TASK INPUT

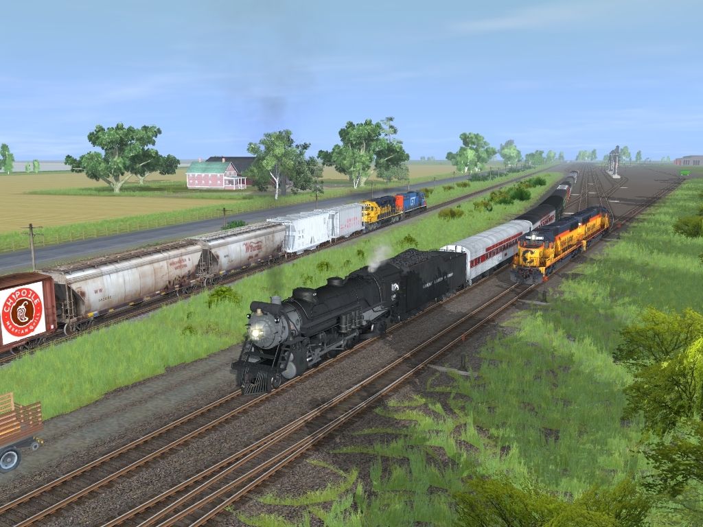 Tags: Trainz: A New Era, Adrianville, PhotoShoot, GL&O 195 Engine, Chessie SD50 (B&O), EMD SD40-2 ATSF 5028-5108 v1, GTW SD40, ACFX (dirty) Cylindrical Hopper, TUME-300581-Centerbeam-MILW, Chipoltle Boxcar, TUME-300551-Covered-Hopper-MILW, GL&O 195 Tender, Custom ACF 3 Bay - Winchester & Western, Cylindrical Hopper - Cotton Belt
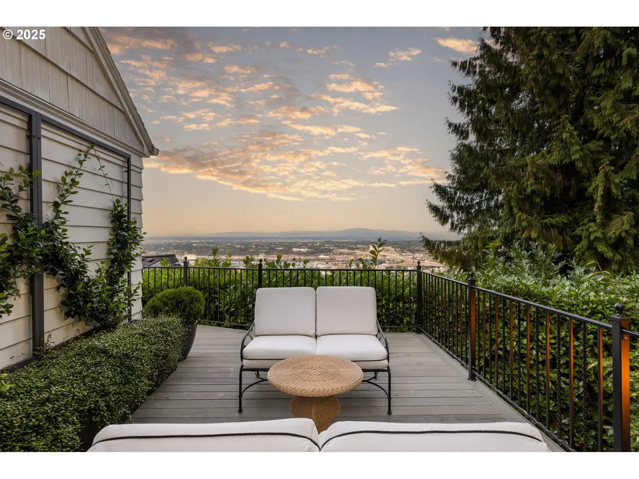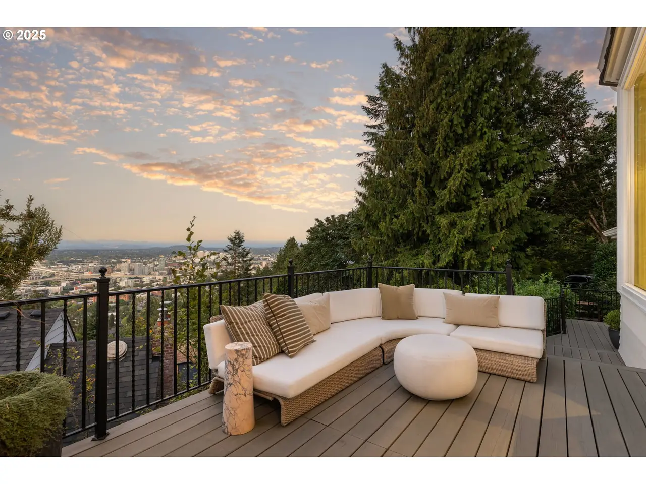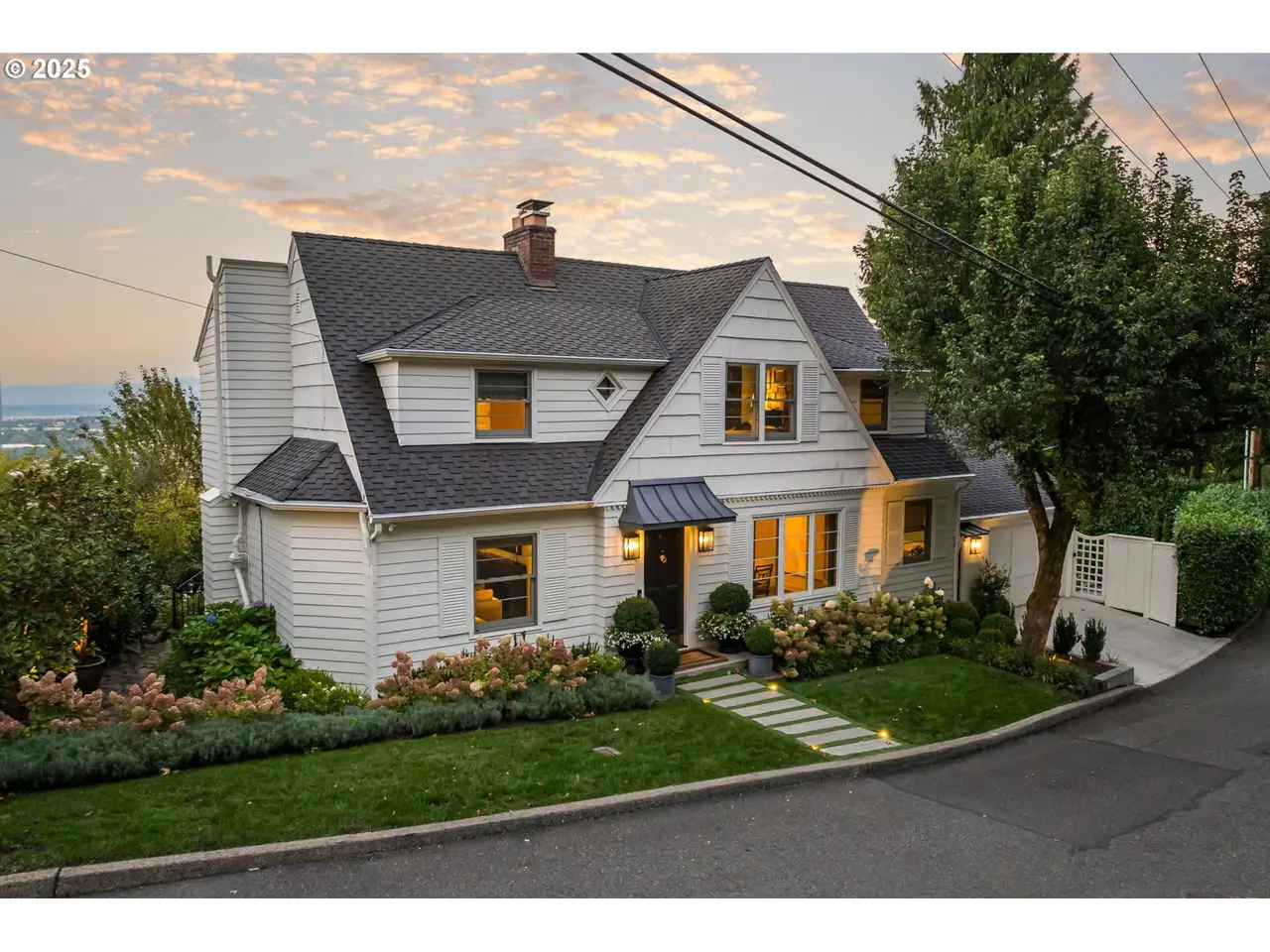Experience timeless elegance reimagined. Perched in Portland's coveted Kings Heights, this 1939 traditional has been meticulously restored by Maison Inc. to the highest modern design standards while fulfilling the owners mission in honoring its original character. Sweeping city vistas frame Mt. St. Helens and Mt. Adams, setting the stage for refined living. Every detail has been considered: all-new plumbing, electrical, and Lutron-controlled lighting; custom cabinetry; and hand-selected finishes of the finest quality. The chef's kitchen showcases slab Calcutta marble, bespoke cabinetry, and a charming built-in dining nook. Venetian plaster walls in the formal dining room, a marble fireplace surround, and custom millwork lend warmth and sophistication. Thoughtfully reimagined for today's lifestyle, the living room opens to an expansive cedar deck with iron railing crafted to mirror the original design. Landscaped grounds feature smart irrigation, exterior lighting, and a gas fire pit line, creating an inviting outdoor retreat. A true testament to design and craftsmanship, this home blends classic tradition with modern luxury in one of Portland's most desirable neighborhoods. [Home Energy Score = 2. HES Report at https://rpt.greenbuildingregistry.com/hes/OR10199223]
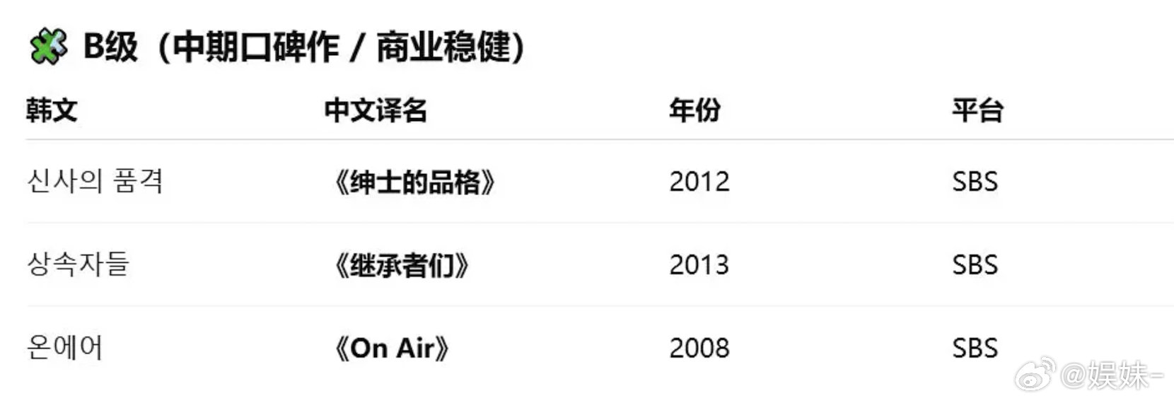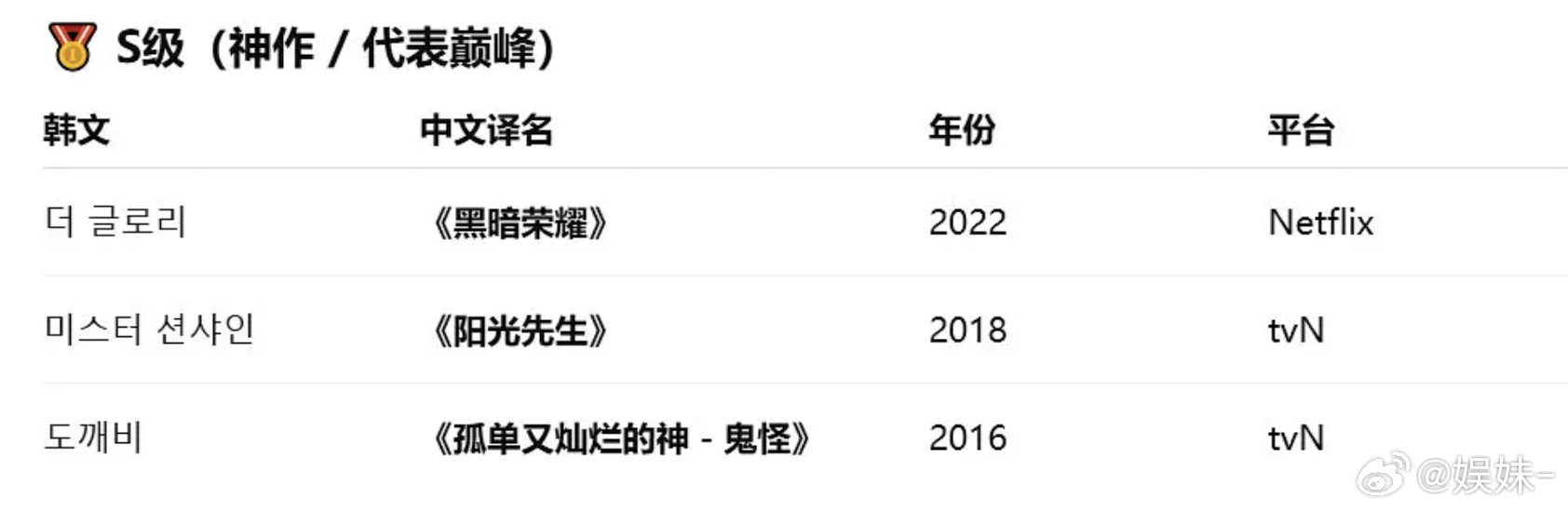 她的剧我只get到黑暗荣耀, on Air和 阳光先生
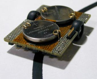 このライントレーサの場合、2個の動輪と1個の従輪による三点支持としています。動輪は車体の左右に配置され、その回転を個別に制御することによって走行・旋回する、走るロボットとして最も一般的な形式です。この方式はステアリング機構が不要で小回りがきくという利点があります。従輪は車体の動きに合わせて自由に向きが変わるキャスターのようなもので、しばしばスライダで置き換えられることがあります。動輪は7mmベアリングにタイヤを履かせた物で、従輪は5mmベアリングを自由に向きを変えるようにラフマウントしたものです。
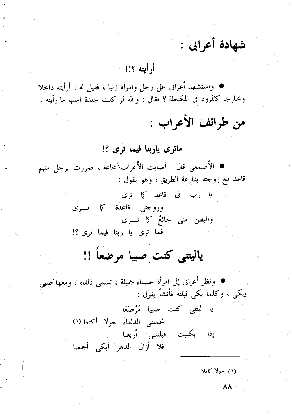 شَهَادَة أعرابى أرأيته وَاسْتشْهدَ أعرابى على رجل وَامْرَأَة زَنَيَا فَقيل لَهُ أرأيته دَاخِلا وخارجا كالمرود فى المكحلة فَقَالَ وَالله لَو كنت جلدَة استها مَا رَأَيْته من طرائف الْأَعْرَاب مَا ترى يَا رَبنَا فِيمَا ترى الأصمعى قَالَ اصابت الْأَعْرَاب مجاعَة فمررت بِرَجُل مِنْهُم قَاعد مَعَ زَوجته بقارعة الطَّرِيق وَهُوَ يَقُول يَا رب إِنِّي قَاعد كَمَا ترى وزوجتي قَاعِدَة كَمَا ترى ترى فَمَا ترى يَا رَبنَا فِيمَا ترى يَا ليتنى كنت صَبيا مُرْضعًا وَنظر أَعْرَابِي إِلَى امْرَأَة حسناء جميلَة تسمى ذلفاء وَمَعَهَا صبى يبكى وَكلما بَكَى قبلته فَأَنْشَأَ يَقُول يَا ليتنى كنت صَبيا مُرْضعًا تحملنى الذلفاء حولا أكتعا إِذا بَكَيْت قبلتنى أَرْبعا فَلَا أَزَال الدَّهْر أبكى أجمعا

WHAT YOU HAVE TO DO
Write the material out again exactly. Skip each picture.

FINISHED EXERCISE
 Tags: Trainz: A New Era, Adrianville, PhotoShoot, GL&O 195 Engine, Chessie SD50 (B&O), EMD SD40-2 ATSF 5028-5108 v1, GTW SD40, ACFX (dirty) Cylindrical Hopper, TUME-300581-Centerbeam-MILW, Chipoltle Boxcar, TUME-300551-Covered-Hopper-MILW, GL&O 195 Tender, Custom ACF 3 Bay - Winchester & Western, Cylindrical Hopper - Cotton Belt
Experience timeless elegance reimagined. Perched in Portland's coveted Kings Heights, this 1939 traditional has been meticulously restored by Maison Inc. to the highest modern design standards while fulfilling the owners mission in honoring its original character. Sweeping city vistas frame Mt. St. Helens and Mt. Adams, setting the stage for refined living. Every detail has been considered: all-new plumbing, electrical, and Lutron-controlled lighting; custom cabinetry; and hand-selected finishes of the finest quality. The chef's kitchen showcases slab Calcutta marble, bespoke cabinetry, and a charming built-in dining nook. Venetian plaster walls in the formal dining room, a marble fireplace surround, and custom millwork lend warmth and sophistication. Thoughtfully reimagined for today's lifestyle, the living room opens to an expansive cedar deck with iron railing crafted to mirror the original design. Landscaped grounds feature smart irrigation, exterior lighting, and a gas fire pit line, creating an inviting outdoor retreat. A true testament to design and craftsmanship, this home blends classic tradition with modern luxury in one of Portland's most desirable neighborhoods. [Home Energy Score = 2. HES Report at https://rpt.greenbuildingregistry.com/hes/OR10199223]
 她的剧我只get到黑暗荣耀, on Air和 阳光先生
 このライントレーサの場合、2個の動輪と1個の従輪による三点支持としています。動輪は車体の左右に配置され、その回転を個別に制御することによって走行・旋回する、走るロボットとして最も一般的な形式です。この方式はステアリング機構が不要で小回りがきくという利点があります。従輪は車体の動きに合わせて自由に向きが変わるキャスターのようなもので、しばしばスライダで置き換えられることがあります。動輪は7mmベアリングにタイヤを履かせた物で、従輪は5mmベアリングを自由に向きを変えるようにラフマウントしたものです。
 شَهَادَة أعرابى أرأيته وَاسْتشْهدَ أعرابى على رجل وَامْرَأَة زَنَيَا فَقيل لَهُ أرأيته دَاخِلا وخارجا كالمرود فى المكحلة فَقَالَ وَالله لَو كنت جلدَة استها مَا رَأَيْته من طرائف الْأَعْرَاب مَا ترى يَا رَبنَا فِيمَا ترى الأصمعى قَالَ اصابت الْأَعْرَاب مجاعَة فمررت بِرَجُل مِنْهُم قَاعد مَعَ زَوجته بقارعة الطَّرِيق وَهُوَ يَقُول يَا رب إِنِّي قَاعد كَمَا ترى وزوجتي قَاعِدَة كَمَا ترى ترى فَمَا ترى يَا رَبنَا فِيمَا ترى يَا ليتنى كنت صَبيا مُرْضعًا وَنظر أَعْرَابِي إِلَى امْرَأَة حسناء جميلَة تسمى ذلفاء وَمَعَهَا صبى يبكى وَكلما بَكَى قبلته فَأَنْشَأَ يَقُول يَا ليتنى كنت صَبيا مُرْضعًا تحملنى الذلفاء حولا أكتعا إِذا بَكَيْت قبلتنى أَرْبعا فَلَا أَزَال الدَّهْر أبكى أجمعا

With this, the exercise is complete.